APP_ENV: "production"
file: "/etc/myapp/common.env"
logs
Optional defaults for service stdout/stderr handling.
logs:
sink: file
max_bytes: 10485760
max_files: 5
Fields:
sink: file captures service output to systemg-managed log files. none discards service output without creating log-writer threads or files.
max_bytes: active log-file size before rotation for the file sink.
max_files: number of rotated files to retain per active log.
Use sink: none for noisy production services when service output is already collected by another logging pipeline.
status
Optional defaults for cached status and inspect snapshots.
status:
snapshot_mode: summary
snapshot_interval_secs: 5
Fields:
snapshot_mode: off, summary, or detailed.

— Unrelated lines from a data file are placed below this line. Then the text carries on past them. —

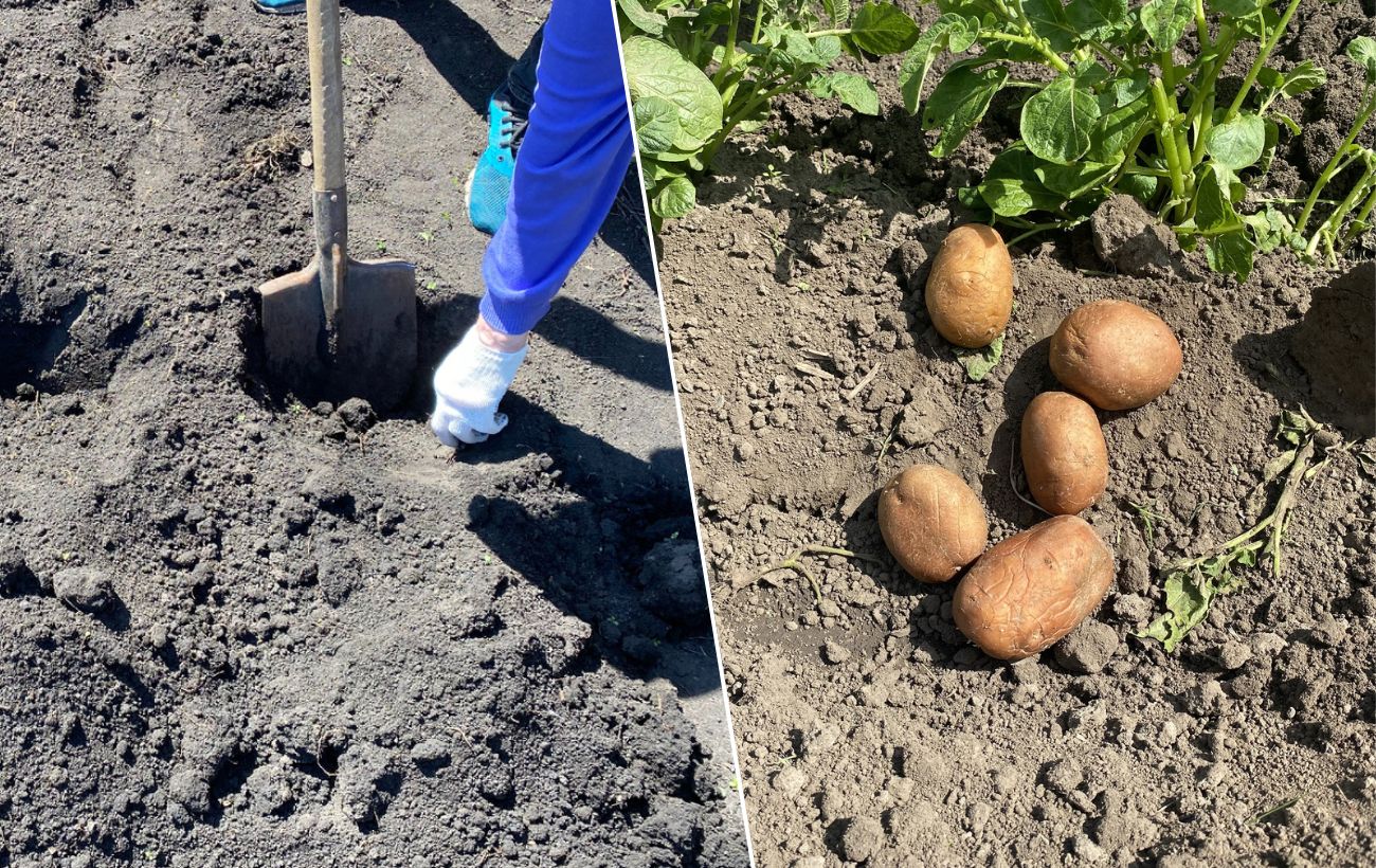 Бульби викладайте зрізом донизу та засипайте шаром землі товщиною 8–10 сантиметрів. Відстань між кущами має бути не меншою за 35 сантиметрів, щоб рослини мали достатньо простору для розвитку.
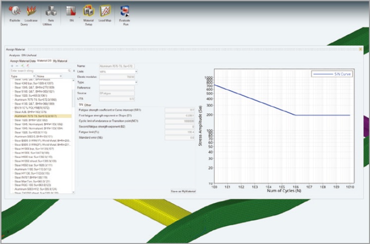 Hyper Life 提供了材料資料庫,使用者可選擇其中的材料賦予到相應的構件,也可以根據需要改變材料資料。可通過 UTS 估算材料的疲勞壽命。用戶也可創建自己的材料。
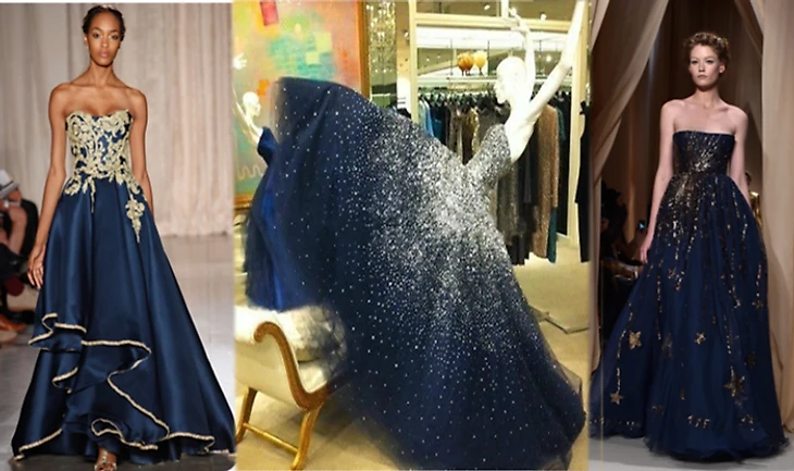 Сочетание темно-синего с золотым можно найти в платьях от Marchesa и Valentino (крайнее справа):
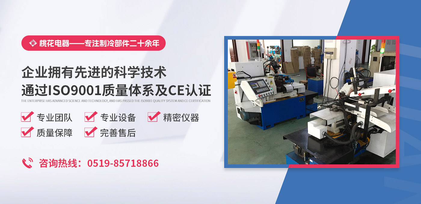 常州桃花電器有限公司地處中國長江“金三角”之稱的上海至南京高速公路、城際高鐵、常州高新經濟技術開發區路段,交通便利、技術力量十分雄厚。它是集研究、開發設計、制造和經營制冷核心部件的企業,主要生產中央空調上使用的制冷部件。產品有膜片式單向閥、鋼球式單向閥、四氟式單向閥、過濾器、消音器等系列。年生產制冷核心部件200萬只,其性能達到國際同類產品水平。  企業擁有先進的科學技術、國際先進的生產加工設備和精密的檢測儀器,并已通過ISO9001質量體系及CE認證,公司歷史悠久,2000年起,經過長期積累、沉淀,經驗豐富,從而保證了產品的高質量、高性能、高耐用性。企業產品在國內外市場具有較高的知名度,深受眾多中外品牌制冷客商的好評。主要客戶有約克、麥克維爾、美的、開利、特靈、頓漢布什、清華同方、天加等.并出口北美、歐洲、東南亞等地區。  高品質產品是企業的保證,周到服務是合作友誼的承諾,企業本著“求
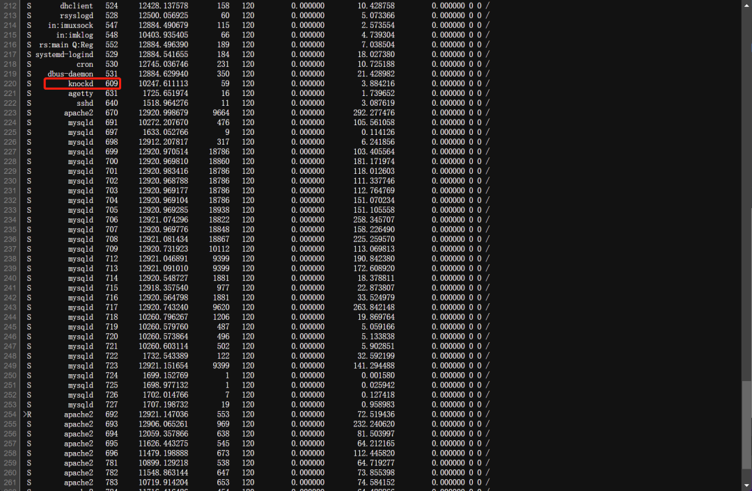 发现一个特殊的进程knockd,需要指定的方式才能访问到端口,也叫端口敲门
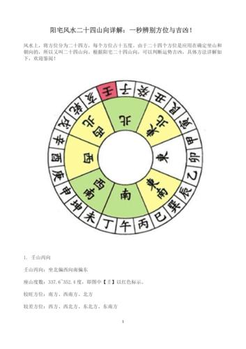 二十四山是风水学中非常重要的理论。根据时空关系,不同的人在不同的位置有不同的二十四山。这些山代表着不同的能量,有的是吉祥的能量,有的是凶猛的能量。在风水学中,我们可以通过识别二十四山的方向来判断一个地方的风水质量,以及对人的影响是好是坏。今天我们就来具体了解一下这些山的方向和吉凶属性。
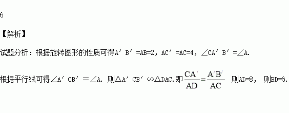 如图,在△ABC中,AB=2,AC=4,将△ABC绕点C按逆时针方向旋转得到△A′B′C,使CB′∥AB,分别延长AB,CA′相交于点D,则线段BD的长为 .
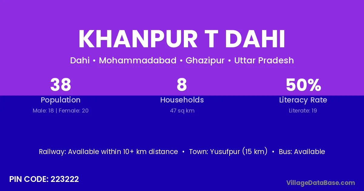 Yusufpur (15 km) is the nearest town to Khanpur T Dahi village for major economic activities and is located approximately 15 km away.
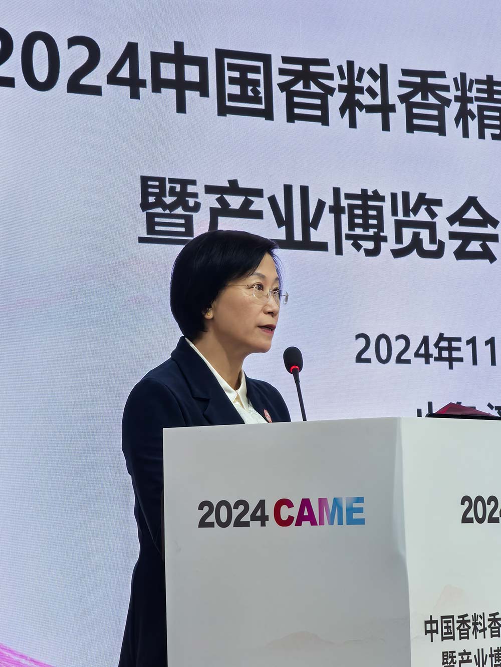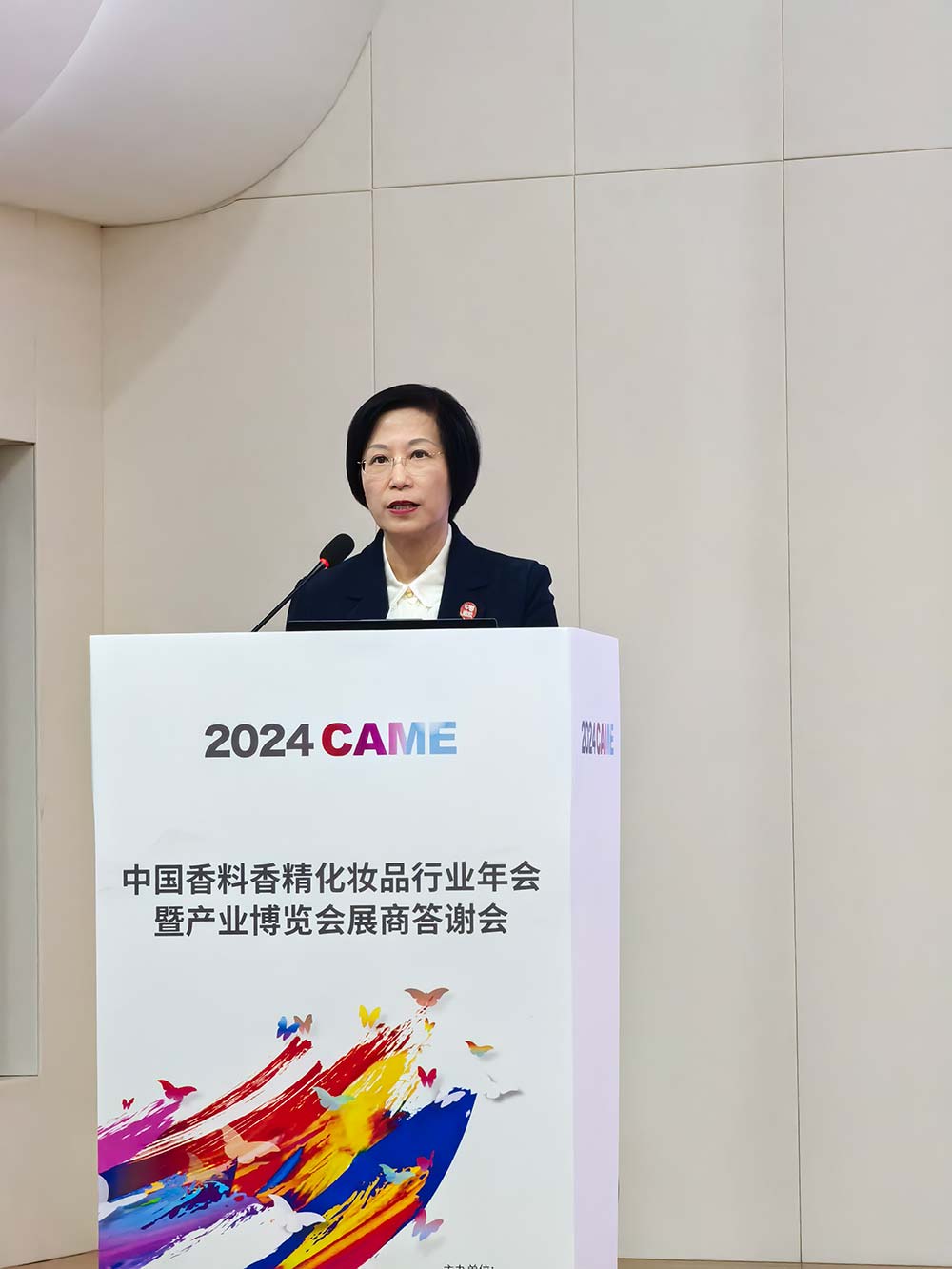 中国香妆协会理事长、医学博士颜江瑛在答谢会上首先发表了致辞。她表示,继在南京成功举办2024中国香料香精化妆品行业年会暨产业博览会之后,至今有一个多月的时间。在这个时间里,她是百感交集的。总的来说,有四感:感谢,感动,感恩、感怀。
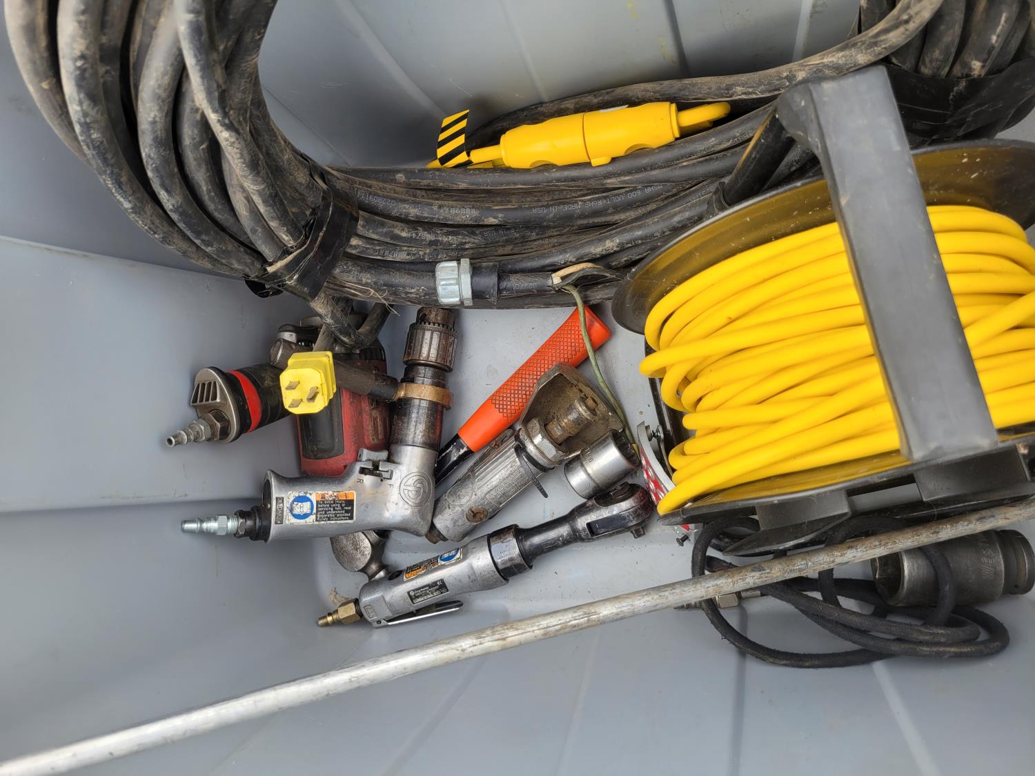 1214 Qty of Air Tools w/ Air Hose Reel
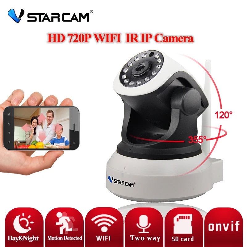Main Features : Vstarcam Onvif 2.0 720P Wireless Wifi IP Camera Security CCTV Camera HD Indoor Pan/Tilt IR CUT Night Vision Support 64G SD Card
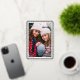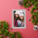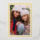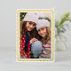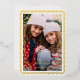 Ce carte photo de vacances moderne dispose d'une photo verticale, d'un arrière - plan blanc classique et d'un cadre inspiré de papel picado en feuille d'or surélevée. Le salut et votre texte personnalisé sont également en relief. Ce design est festif et élégant ! La couleur arrière - plan est entièrement personnalisable. Le papier peint sur cette carte brille vraiment et ajoute cette touche spéciale à vos cartes de fin de année !
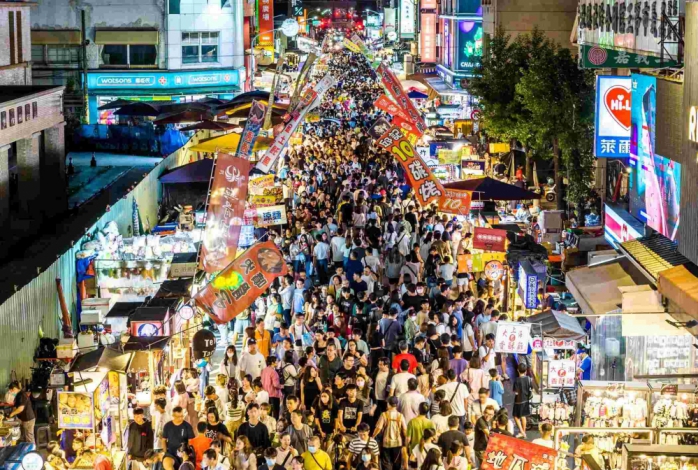 傍晚時分,粉紅超馬前往熱鬧滾滾的文化路夜市,夜市攤位間已擠滿品嚐美食的遊客,用美食為愉快的一天畫下句點。

snapshot_interval_secs: seconds between background snapshot refreshes, clamped between 1 and 300.
Modes:
summary: default. Tracks service state, pid, health, last exit, cron state, and sampled metric summaries while skipping expensive process tree expansion.
detailed: includes runtime command details and process/spawn descendants for richer inspect output.
off: disables background live process snapshot refresh and uses persisted state plus pid files.
For large deployments, keep summary globally and use focused inspect --service workflows when deeper investigation is needed.
services
Required. Defines the services to manage.
services:
web:
command: "python app.py"
Service configuration
command
Required. The command to execute.
services:
web:
command: "python app.py"
depends_on
Services that must start before this one.
services:
api:
command: "python app.py"
depends_on:
- postgres
- redis
env
Service-specific environment configuration.
services:
api:
command: "python app.py"
env:
vars:
PORT: "8000"
DATABASE_URL: "postgres://localhost/myapp"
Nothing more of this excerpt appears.